Carriers have passed information to the European Commission’s antitrust chief about the contracts Apple makes them sign, according to a report in The New York Times. The Commission says it is looking into the information, although it stops short of calling them formal complaints, meaning it is not obliged to consider a formal investigation into the matter.
The details of this information remain sketchy, although the report suggests that French carriers are concerned that Apple’s contracts hold back competition by setting excessively high quotas for iPhone sales, thereby making it difficult to assign marketing resources to rival smartphones. While no one is forcing the operators to sell the iPhone, they really want to do so because customers want it, and that means agreeing to Apple’s demands. The terms of such contracts are always secret.
Here’s a statement sent out on Friday by Antoine Colombani, spokesman for Competition Commissioner Joaquín Almunia:
“The markets for smartphones and tablets are very dynamic, innovative and fast-growing. Samsung’s growing market position and the success of Google’s Android platform are good reasons to believe that competition is strong in the markets for smartphones and tablets.
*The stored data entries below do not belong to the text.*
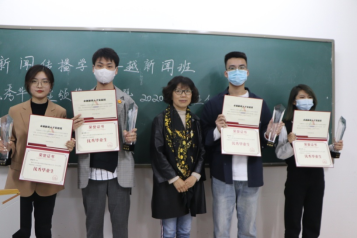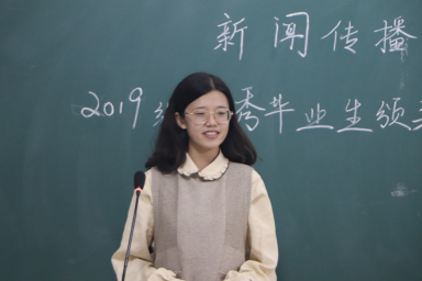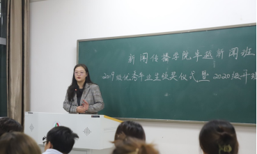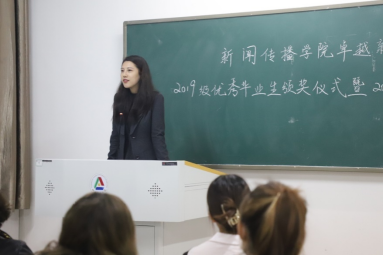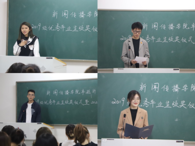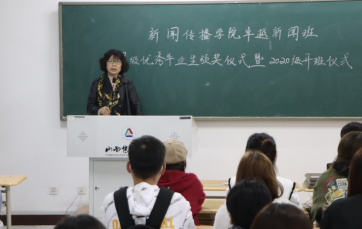 2019级卓越班优秀学员新闻2班韩承果、新闻1班李立禾、新闻1班刘铭昕以及新闻1班陈佳宁为2020级卓越班新生分享了在卓越班一年的时间里获得的经验和成果并送上祝福。2020级卓越班新生代表数字出版1班陈紫仪上台感谢构建卓越班平台的各位老师,希望可以通过卓越班的学习成为有责任、有担当的新闻人。
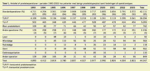 I Tabel 1 ses antallet af operationer pr. år og fordelingen af indgreb, der blev foretaget. I 2003 blev der foretaget 21% færre operative indgreb på prostata end i 1993. Standardoperation (TUR-P, transuretral prostataincision (TUI-P) og åben prostatektomi) blev foretaget hos 93-97% i perioden, og TUR-P udgjorde langt den største del. Anvendelsen af åben prostatektomi, der udføres ved store prostatavolmina, var konstant i forhold til det totale antal operationer fraset enkelte år med en lav anvendelse. Brugen af TUI-P, der anvendes ved sm å prostatavolumina, steg marginalt.
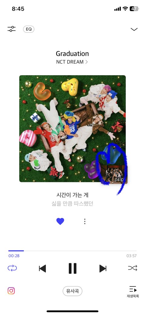 그래서 나도 첫곡으로 바로 캔디 부름 그리고 graduation이랑 발자국도 나왔더랑!
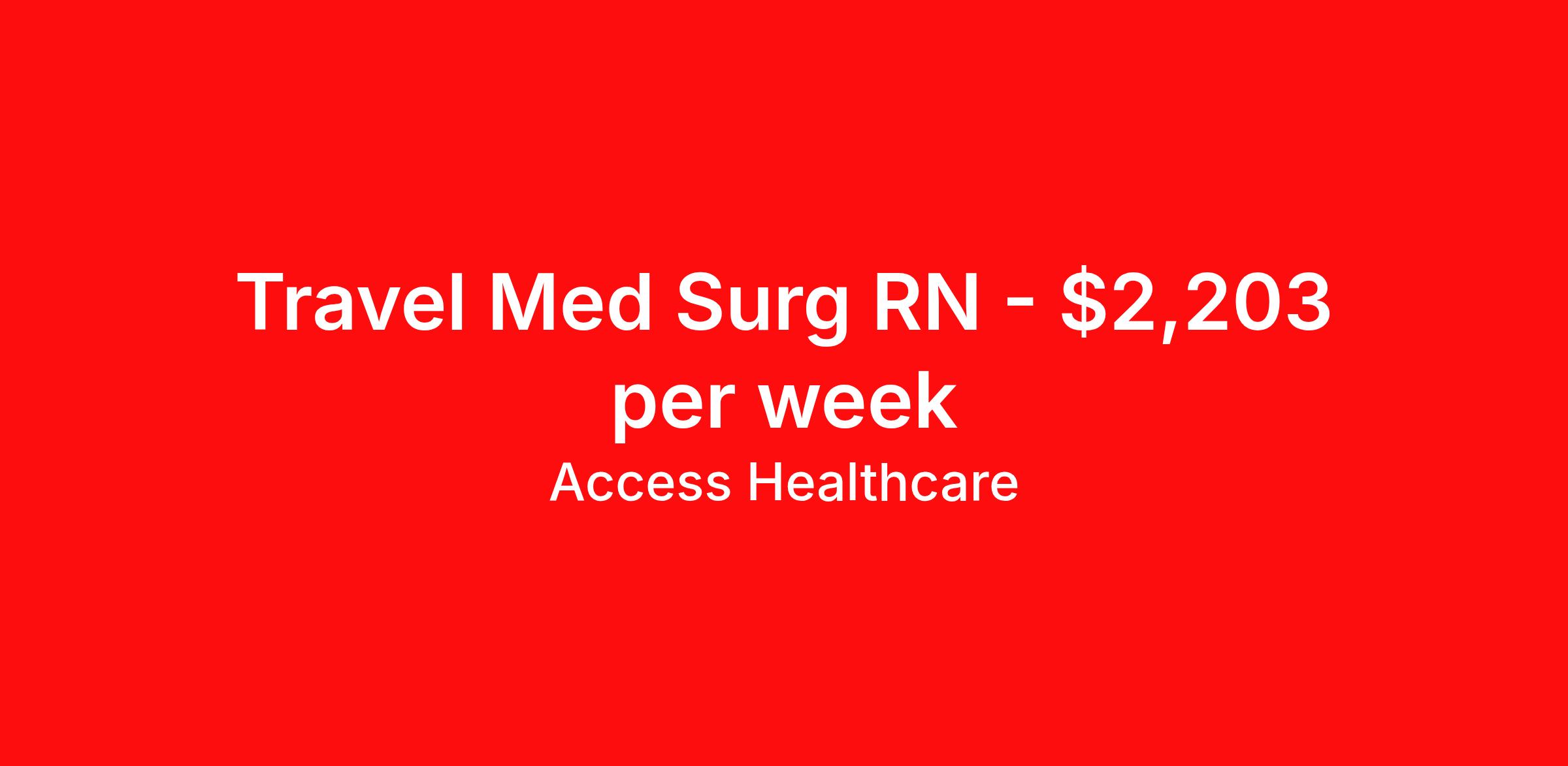 Access Healthcare is seeking a travel nurse RN Med Surg for a travel nursing job in Lander, Wyoming. Job Description & Requirements Specialty: Med Surg Discipline: RN Start Date: 04/06/2026 Duration: 13 weeks 36 hours per week Shift: 12 hours, nights Employment Type: Travel Access Healthcare Job ID 76182894. Pay package is based on 12 hour shifts and 36 hours per week (subject to confirmation) with tax-free stipend amount to be determined. About Access Healthcare Access Healthcare aims to provide superior service to our nursing family by providing around the clock support, competitive pay packages and an unmatched benefits package! Unlike other agencies, we offer a true family feel and work with you to find the placement that is right for you. We offer one of the top leading pay packages in the industry and we are ready to get you the money you deserve! Access Healthcare was founded by two travel nurses, Danielle and Diego, who had a dream and a shared vision of creating an agency which all nurses would want to work with. Our passion has led us to where we are today as one of the top 10 agencies in our home state of New Jersey, with access to contracts in all 50 states! We encourage you to join our team and we cannot wait to get to know you!
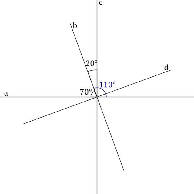 Miara kąta między c i d jest taka sama jak miara kąta między prostymi a i c. Kąt między prostymi prostopadłymi jest równy 90o. Suma miar kątów przyległych jest równa 180o. Miara kąta między prostą a i d to różnica miary kąta między b i d, a miarą kąta między prostą a i b. Podobnie miara kąta między prostą b i c to różnica miary kąta między b i d, a miarą kąta między prostą c i d.

“The Commission has been made aware of Apple’s distribution practices for iPhones and iPads. There have been no formal complaints, though. The Commission is currently looking at the situation and, more generally, is actively monitoring market developments. We will intervene if there are indications of anticompetitive behaviour to the detriment of consumers.”
I find it hard to believe this will come to anything. As the statement suggests, iOS devices are not the only game in town — in fact, the iPhone only has around 25 percent share of the smartphone market across the five biggest European economies. Apple certainly has a lot of weight to throw around in the mobile market, but nowhere near enough as to constitute a monopoly.
A good (though not perfect) point of comparison here would be Intel, which found itself the subject of a $1.45 billion EU fine back in 2009 for abuse of its dominant position. Intel, which utterly dominated the x86 processor market as it does now, gave secret kickbacks to computer manufacturers and retailers for not stocking AMD-based products. It even paid manufacturers to delay or cancel the launch of non-Intel products.
That was a clear-cut case of illegal practices, hurting consumers by limiting their choices. It’s hard, if not impossible, to argue that consumers in the EU do not have easy access to non-Apple mobile devices. In the Intel case, those manufacturers and retailers did not seriously have the option of telling the chipmaker to show itself the door. In this Apple business, the anonymous carriers in question could likely have done what U.S. Cellular did, and just not stock the iPhone. There are plenty of alternatives.
I suspect that the carriers in this situation are simply trying to weaken Apple’s hand in contract negotiations, and that the Commission is highly unlikely to step in and help.